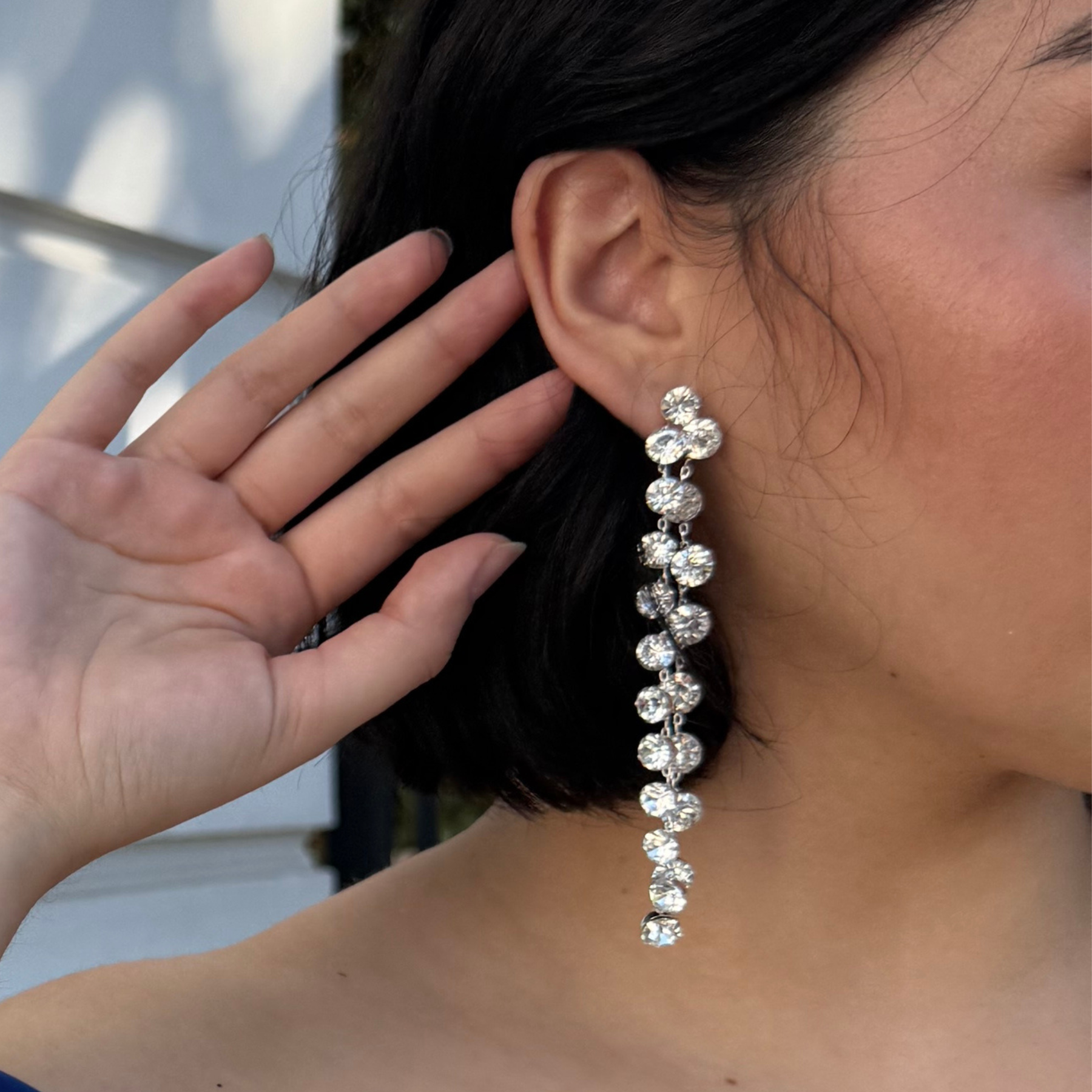 Aros largos de fiesta con diseño en cascada de cristales brillantes, montados en tono plateado. Su formato colgante estiliza el rostro y aporta luz inmediata, ideales para galas, matrimonios y eventos formales donde buscas un look elegante y sofisticado.
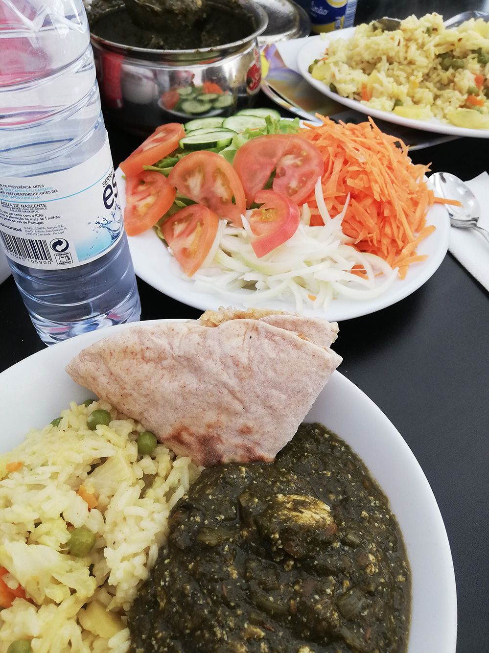 Op donderdag gaan we altijd eten bij een Indiaas restaurant. Eigenlijk is het helemaal geen Indiaas restaurant, het is een King Kebab waar je döner en kapsalon kunt halen enzo. Dat zit zo: Betty ging er een keer eten en kwam in gesprek met de Indiase eigenaar en eigenaresse die de zaak pas hadden overgenomen. Ze vroeg of de eigenaresse, Bijote, ook Indiaas kon koken. Nou dat kon ze, de afspraak werd gemaakt, er werd gegeten en dat beviel zo goed dat het elke donderdag werd. En zo werd een traditie geboren. Elke donderdag om ongeveer kwart over één schuiven we aan en staat er een heerlijke Indiase maaltijd klaar. Rijst met heerlijk kruidig gekookte groente en chapati. Onwijs lekker.
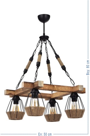 MNZ-PİNA الخشب 4 قطعة حبل الرفاهية معلّق ضوء الشنارة (الارتفاع: 80 سم) ((الربع: 50 سم) مع قاعدة E27
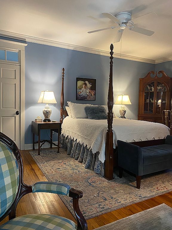 This serene bedroom features soft blue walls that create a calming atmosphere, enhanced by white crown molding and a matching ceiling. A classic four-poster bed dominates the room, draped in crisp white bedding with a textured pattern and a dark blue bed skirt. Twin bedside tables hold elegant ceramic lamps with floral designs, providing warm, ambient lighting. A vintage wooden china cabinet adds character along one wall, complementing the traditional design aesthetic. The room’s hardwood floors are partially covered by a large, muted area rug. Additional accommodations include a plush navy bench at the foot of the bed and a stylish checkered armchair, blending comfort with timeless charm.
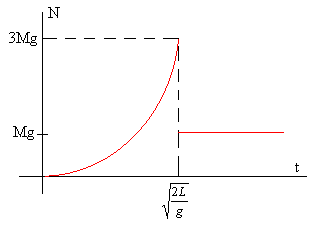 Siendo M=ρL la masa de la cadena. Cuando llega el último eslabón de la cadena al suelo x=0. N=3Mg Si dejamos caer la cadena sobre el plato de una balanza, ésta medirá una fuerza máxima 3Mg..
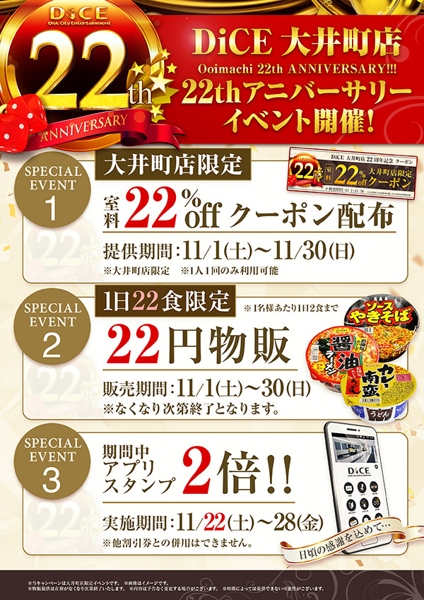 ニュース キャンペーン 2025.11.01 DiCE大井町店22周年キャンペーン > ニュース一覧に戻る 電話 ご予約はこちら ネットカフェダイス インターネット&マンガ喫茶 DiCE 大井町店 ニュース DiCE大井町店22周年キャンペーン
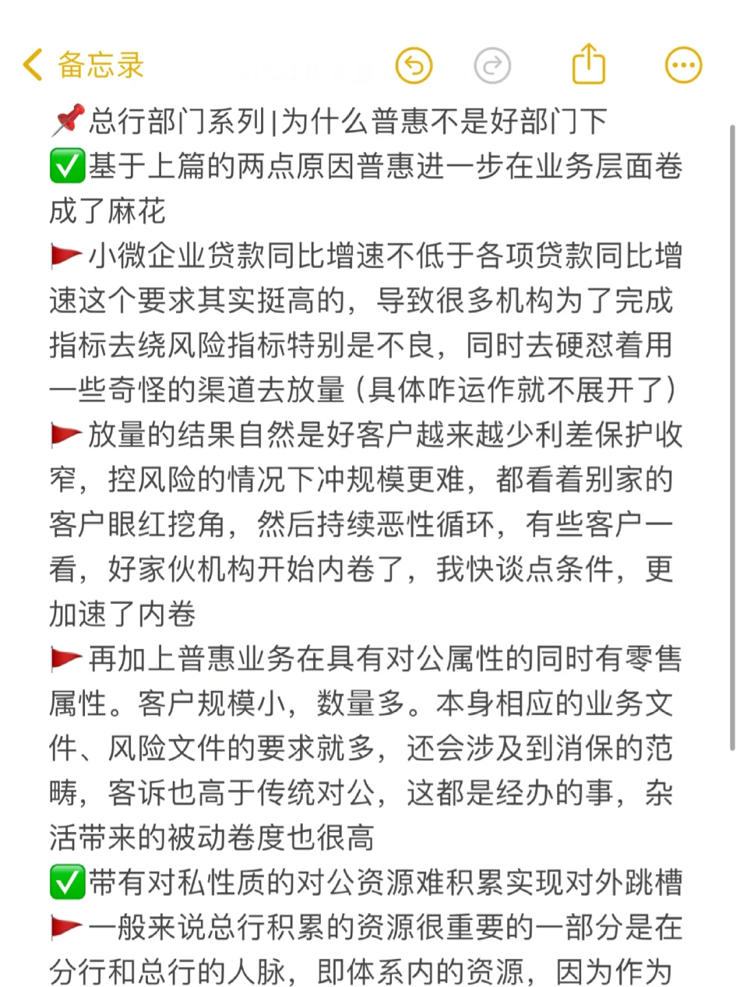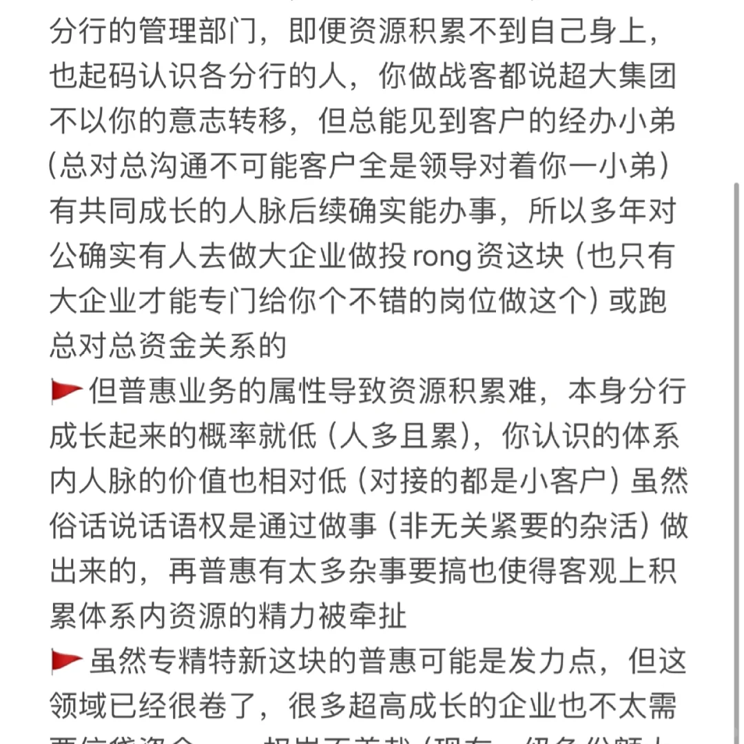 🚩但普惠业务的属性导致资源积累难,本身分行成长起来的概率就低(人多且累),你认识的体系内人脉的价值也相对低(对接的都是小客户)虽然俗话说话语权是通过做事(非无关紧要的杂活)做出来的,再普惠有太多杂事要搞也使得客观上积累体系内资源的精力被牵扯
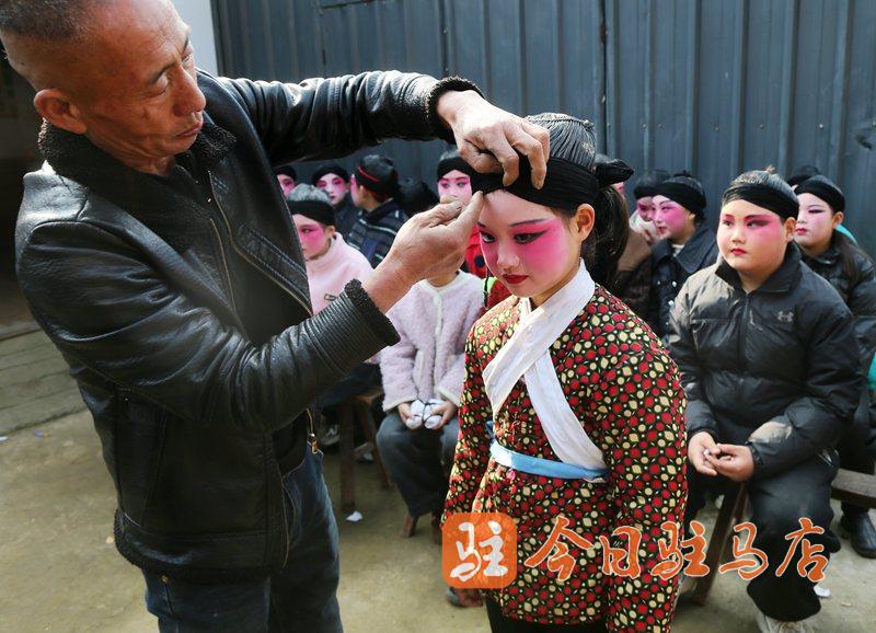 “王店大裝”流傳于泌陽王店,有著悠久的文化歷史,四百年來經(jīng)久不衰,具有重要的歷史、文化、欣賞和藝術價值。每次演出前,數(shù)十人的演出隊伍一派繁忙,化妝、穿古戲裝、上裝、綁扎、檢修設備、安排事項等,每一個環(huán)節(jié)都凝聚著傳承人的匠心與堅守。
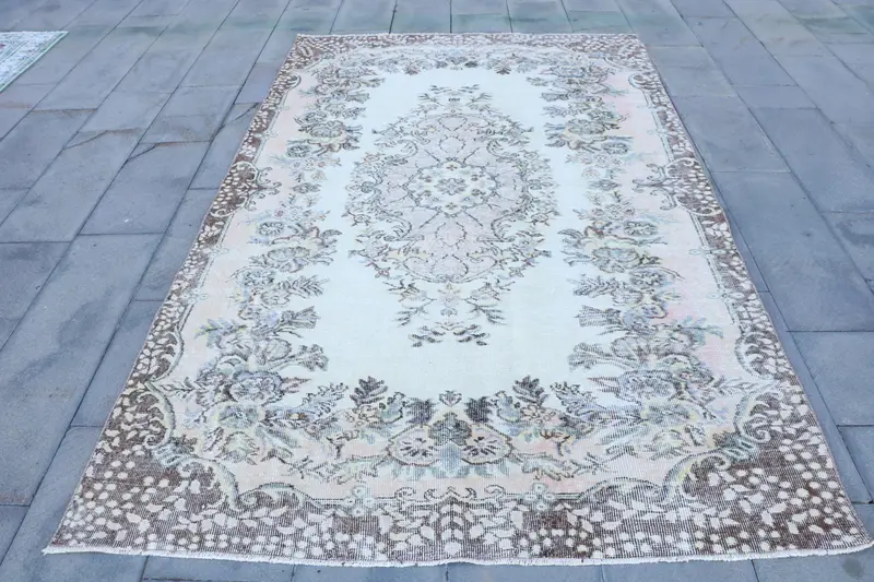Bej Ombré Halı, 5,5x8,6 ft Zarif Bej-Kahverengi Dekor
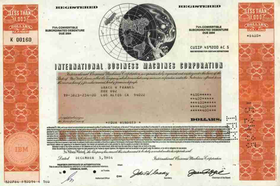 RARER IBM Bond in Orange -- Original - Debenture -- siehe Bild - Einzelstück - über 400 Dollar der International Business Machines Corporation in Amonk / New York vom 5. Dezember 1984. Produkte und Dienstleistungen im IT-Bereich, sowohl Software als auch Hardware. IBM geht auf die von Herman Hollerith 1896 gegründete Tabulating Machine Company zurück. Seit 1924 jetziger Name. In Deutschland war IBM bis 1949 durch die ertragreiche Tochtergesellschaft DEHOMAG vertreten. 1952 brachte IBM den ersten Computer auf den Markt. Weltweit ist "BIG BLUE" eines der größten Unternehmen zur Herstellung von Datenverarbeitungsanlagen. IBM Deutschland hatte den Sitz bis 2009 in Stuttgart-Vaihingen. Am 12. November 2009 wurde die neue Zentrale in Ehningen offiziell eingeweiht und 2024 das erste IBM-Quantencomputerzentrum außerhalb der USA eröffnet. Weltweit beschäftigt IBM (2023) ca. 280.000 Mitarbeiter, in Deutschland geschätzte 4.500. FS Unterschriften vom bekannten Chairman. Sammlerfreundlicher Sonderpreis !
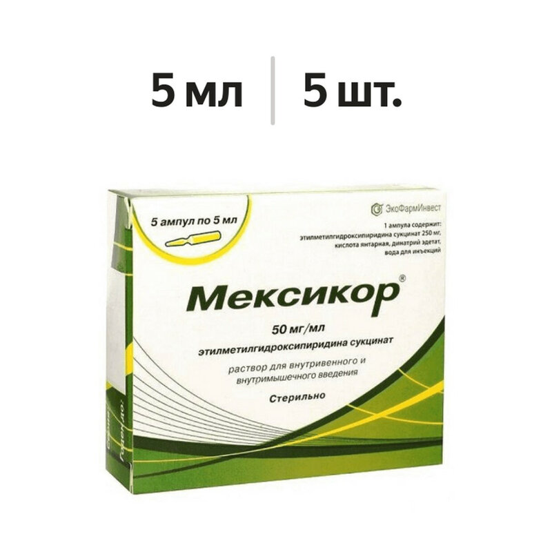 1 мл содержит: этилметилгидроксипиридина сукцинат 50 мг. Вспомогательные вещества: янтарная кислота - 5 мг, динатрия эдетат - 0.1 мг, вода д/и - до 1 мл.
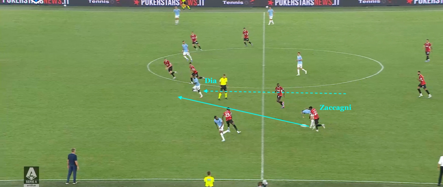 Un esempio di velo per liberare l'uomo in area, con Zaccagni e Dia sulla stessa linea di passaggio.
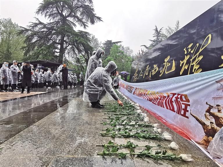 ——4月3日,陜西省“清明祭英烈”活動在西安烈士陵園舉行,西安石油大學30余名師生代表參加了活動。天空飄落著雨滴,“明理增信,崇德力行;興國昌邦,弦歌續(xù)唱”的祭辭在烈士陵園中回蕩。在莊嚴肅穆的氛圍中,參加活動的人們面向烈士紀念墻默哀、行鞠躬禮,并為革命烈士敬獻鮮花。

# [EXERCISE]
An exact printout of the entries is wanted, covering the first line through the line holding "MNZ-PİNA الخشب 4", with pictures kept out of it.

# [YOUR SOLUTION]
 Aros largos de fiesta con diseño en cascada de cristales brillantes, montados en tono plateado. Su formato colgante estiliza el rostro y aporta luz inmediata, ideales para galas, matrimonios y eventos formales donde buscas un look elegante y sofisticado.
 Op donderdag gaan we altijd eten bij een Indiaas restaurant. Eigenlijk is het helemaal geen Indiaas restaurant, het is een King Kebab waar je döner en kapsalon kunt halen enzo. Dat zit zo: Betty ging er een keer eten en kwam in gesprek met de Indiase eigenaar en eigenaresse die de zaak pas hadden overgenomen. Ze vroeg of de eigenaresse, Bijote, ook Indiaas kon koken. Nou dat kon ze, de afspraak werd gemaakt, er werd gegeten en dat beviel zo goed dat het elke donderdag werd. En zo werd een traditie geboren. Elke donderdag om ongeveer kwart over één schuiven we aan en staat er een heerlijke Indiase maaltijd klaar. Rijst met heerlijk kruidig gekookte groente en chapati. Onwijs lekker.
 MNZ-PİNA الخشب 4 قطعة حبل الرفاهية معلّق ضوء الشنارة (الارتفاع: 80 سم) ((الربع: 50 سم) مع قاعدة E27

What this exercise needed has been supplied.